SOURCE INFORMATION
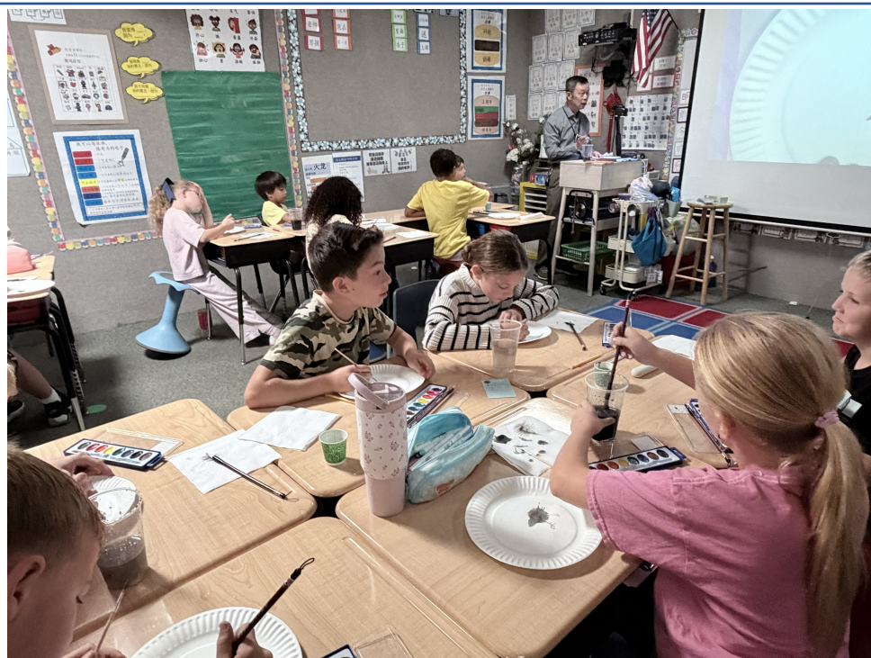
同學互相觀摩學畫
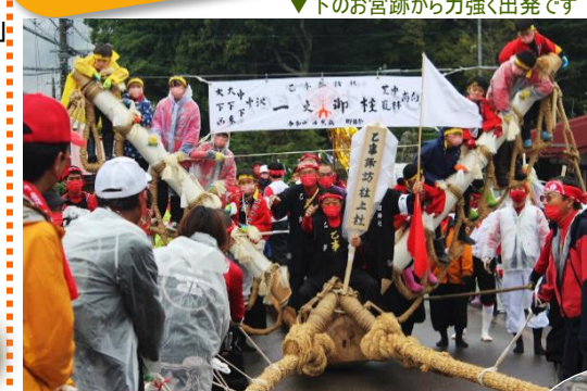
▼下のお宮跡から強く出発です 子ども達もメドに乗って、サマになってますね▼
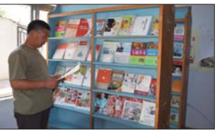
近日,沂源四中发动学校全体教职工捐助图书。(翟乃文)
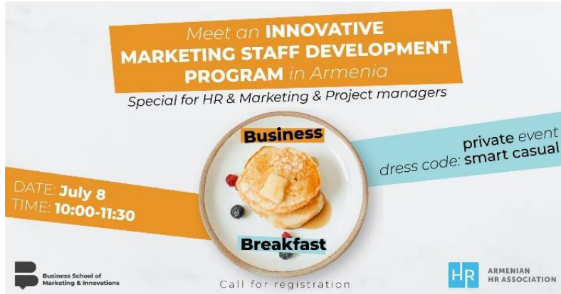
HR Breakfast with Marketing Menu
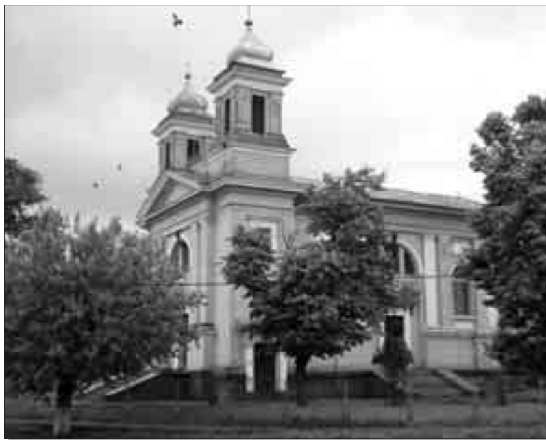
Српска православна црква у Фењу
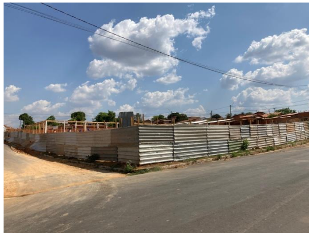
Fig. 1 – (1.0. Serviços preliminares)-instalação de tapumes com telha metálica
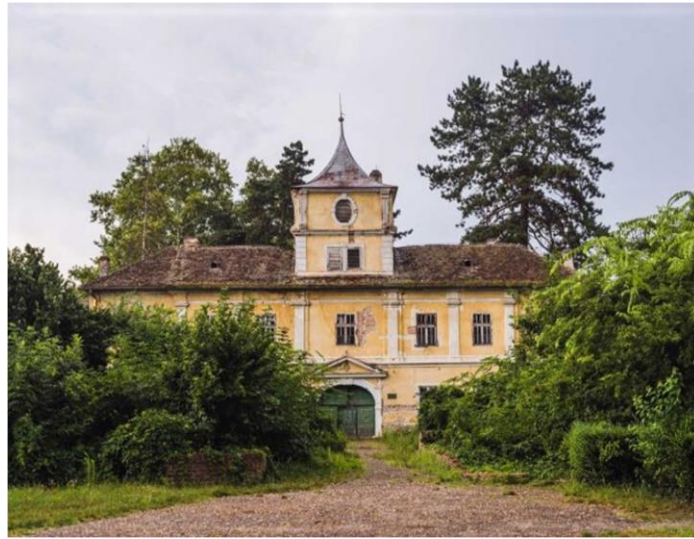
Slika 8. Dvorac Eugena Savojskog

započela 2006. godine s ciljem očuvanja kulturne baštine, umjetnosti, književnosti te raznih drugih bogatstava karakterističnih za područje Bilja i okolice.
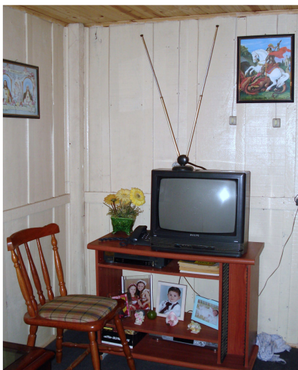
Figura 17 – Televisão e videocassete de Carol
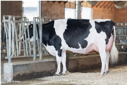
MYSTIQUE LAMBDA ANIS DAM
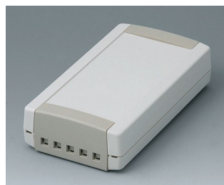
B1065465 TOPTEC 154 F, Vers. II ABS (UL 94 HB) gris blanc RAL 9002 154x84x38mm IP 40
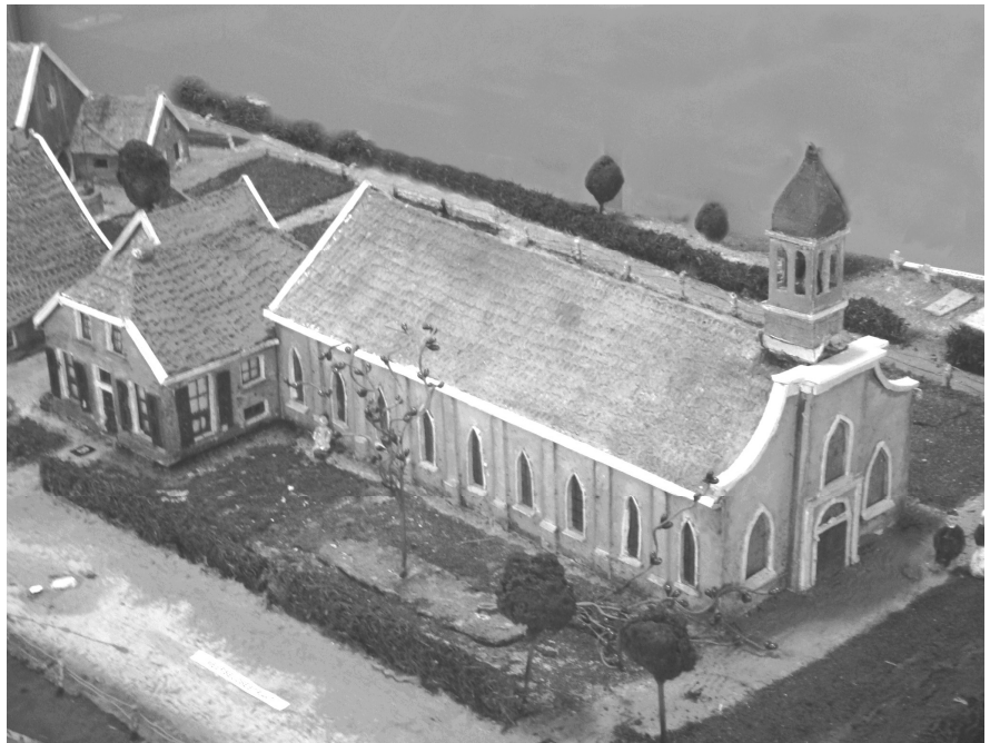
Foto van de maquette van de waterstaatskerk uit 1838 en de pastorie met schuur uit 1786. De kerk is voortgekomen uit de oorspronkelijke schuurkerk van 1786. De pastorie is nog steeds te bewonderen. De maquette is gemaakt op basis van tekeningen in het RK-Parochie-archief.

Rooms-katholieken van Borne gaan in die tijd (vóór 1785) ter kerke op het Groothuis in Hertme of 't Hulscher te Zenderen. Omdat de rooms-katholieken in de tweede helft van de 18 e eeuw wat meer vrijheid kregen voor het beleven van hun geloof en het hen ook oogluikend werd toegestaan eigen kerken te bouwen, ontstaat in het dorp Borne de wens om hier een eigen parochie te stichten en een kerk te bouwen. Wel waren er voorwaarden waaraan zo'n kerk moest voldoen: het gebouw mocht er niet uitzien als een kerk en de ingang mocht ook niet aan de openbare weg liggen. Het meest eenvoudige was de kerk te bouwen als een boerenschuur, vandaar ook de veel gebruikte naam hiervoor: schuurkerk.
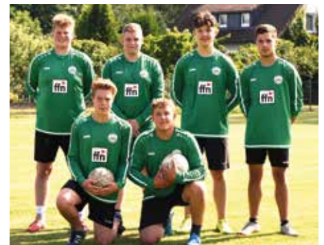
MTV Oldendorf - 6. Platz.
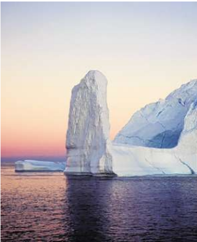
Die globale Erwärmung setzt den Eismassen am Nordpol zu
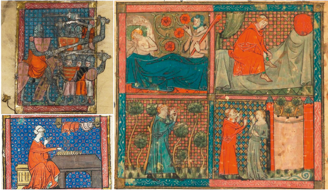
[4] Varios trabajos atribuidos a la ilustradora francesa Jeanne de Montbaston.

testimonia cómo los movimientos reformistas en el seno de la fe cristiana traen consigo una explosión de religiosas dedicadas en los conventos del norte de Europa a la escritura e ilustración de libros 1 . En paralelo, la francesa Jeanne de Montbaston, activa entre 1320 y 1355, ejemplifica el florecimiento en las cortes continentales de autoras no solo de tratados varios, misceláneas, libros de horas y textos devocionales [4], sino también de manuscritos heterodoxos para regalo 2 .
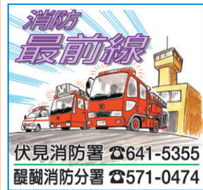
伏見消防署 ☎641-5355 醍醐消防分署 ☎571-0474

我が家の防災力を高めよう いざという時の防災力を高めるために、次のことを実施しましょう。 ●火災の初期に使用する消火器は、すぐに使用できる場所に置くことが大切です。自宅はもちろんのこと、町内や職場等の消火器の置き場所も確認しましょう。 ●玄関先等に、初期消火活動に使用する消火用ハケツを
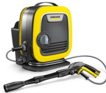
家庭用高圧洗浄機 K MINI

2017年、ケルヒヤーで「日本人の生活環境に合致する製品」の開発を目指すJAPANプロジェクトが発足しました。K MINIはその第一弾となる製品です。プロジェクトを通して、「持ち運びやすいサイズと重量」、「収納場所に困らないコンパクトさ」を備えた高圧洗浄機が求められていることが明確になり、2年の歳月を経て日本のお客様に最適な高圧洗浄機が誕生しました。日本の住環境やライフスタイルに合うデザイン性、スリムで扱いやすく丈夫な高圧ホース、そして本体と付属品がコンパクトに収納できるスマート設計が「K MINI」の特徴です。
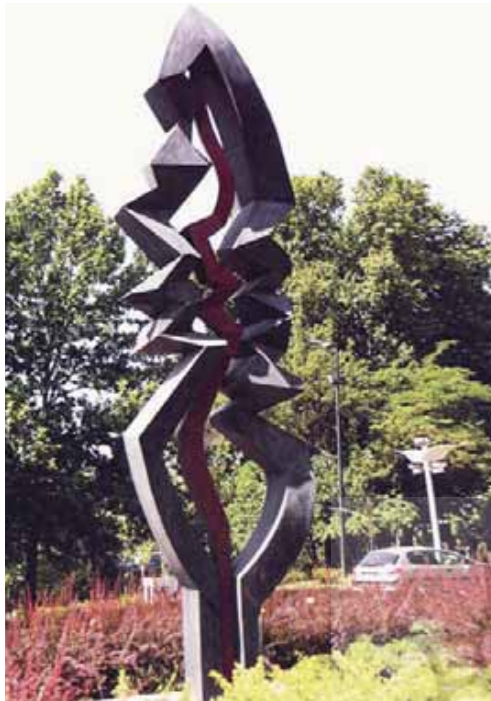
تصویر ۹- یادمان شهید باهنر، اثر سعید شهلا پور، میدان شهید باهنر.
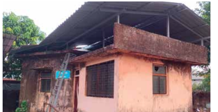
जि.प. शाळा क्र. १, डेरवण - पन्चाची शेड
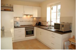
Die neue geschmackvolle Küche lässt keine Wünsche offen und lädt zum Kochen ein
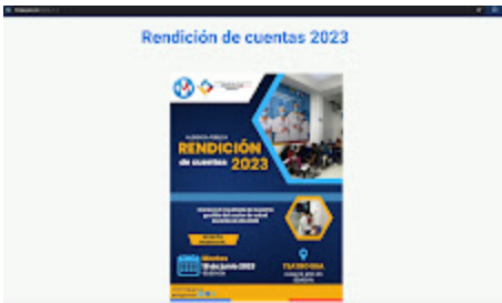
WhatsApp Image 2024-05-23 at 3.10.03 PM.jpeg 146K
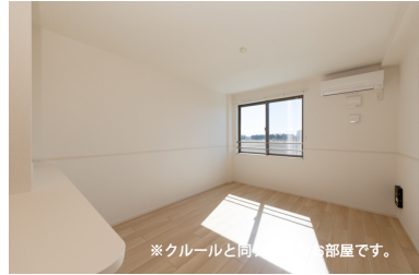
※クルールと同タイプのお部屋です。
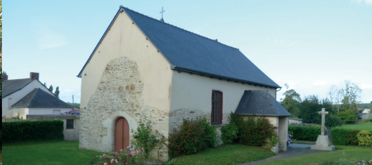
La chapelle de Bénin
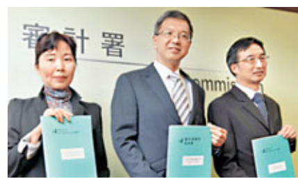
審計署指特首多次外訪欠足夠理據住總統套房。圖為鄧國斌。

審計署於4月底應特首辦邀請，檢視特首外訪住宿安排的機制。審計署署長鄧國斌、副署長伍梁慧芬昨日舉行記者會，公布報告書內容：特首並沒有參與任何外訪住宿安排的決策，酒店和住宿等級由特首私人秘書決定，並由她安排向特首發放膳宿津貼。報告並引述特首私人秘書稱，她毋須就所選酒店和房間類型徵詢行政長官的意見，曾蔭權一向亦無就他屬意的酒店和住宿等級發出指示。

YOUR OBJECTIVE
Go from the first line of the data above to the line containing "[4] Varios trabajos" and retype exactly those lines, both included, but none of the pictures.

SOLUTION
同學互相觀摩學畫
▼下のお宮跡から強く出発です 子ども達もメドに乗って、サマになってますね▼
近日,沂源四中发动学校全体教职工捐助图书。(翟乃文)
HR Breakfast with Marketing Menu
Српска православна црква у Фењу
Fig. 1 – (1.0. Serviços preliminares)-instalação de tapumes com telha metálica
Slika 8. Dvorac Eugena Savojskog

započela 2006. godine s ciljem očuvanja kulturne baštine, umjetnosti, književnosti te raznih drugih bogatstava karakterističnih za područje Bilja i okolice.
Figura 17 – Televisão e videocassete de Carol
MYSTIQUE LAMBDA ANIS DAM
B1065465 TOPTEC 154 F, Vers. II ABS (UL 94 HB) gris blanc RAL 9002 154x84x38mm IP 40
Foto van de maquette van de waterstaatskerk uit 1838 en de pastorie met schuur uit 1786. De kerk is voortgekomen uit de oorspronkelijke schuurkerk van 1786. De pastorie is nog steeds te bewonderen. De maquette is gemaakt op basis van tekeningen in het RK-Parochie-archief.

Rooms-katholieken van Borne gaan in die tijd (vóór 1785) ter kerke op het Groothuis in Hertme of 't Hulscher te Zenderen. Omdat de rooms-katholieken in de tweede helft van de 18 e eeuw wat meer vrijheid kregen voor het beleven van hun geloof en het hen ook oogluikend werd toegestaan eigen kerken te bouwen, ontstaat in het dorp Borne de wens om hier een eigen parochie te stichten en een kerk te bouwen. Wel waren er voorwaarden waaraan zo'n kerk moest voldoen: het gebouw mocht er niet uitzien als een kerk en de ingang mocht ook niet aan de openbare weg liggen. Het meest eenvoudige was de kerk te bouwen als een boerenschuur, vandaar ook de veel gebruikte naam hiervoor: schuurkerk.
MTV Oldendorf - 6. Platz.
Die globale Erwärmung setzt den Eismassen am Nordpol zu
[4] Varios trabajos atribuidos a la ilustradora francesa Jeanne de Montbaston.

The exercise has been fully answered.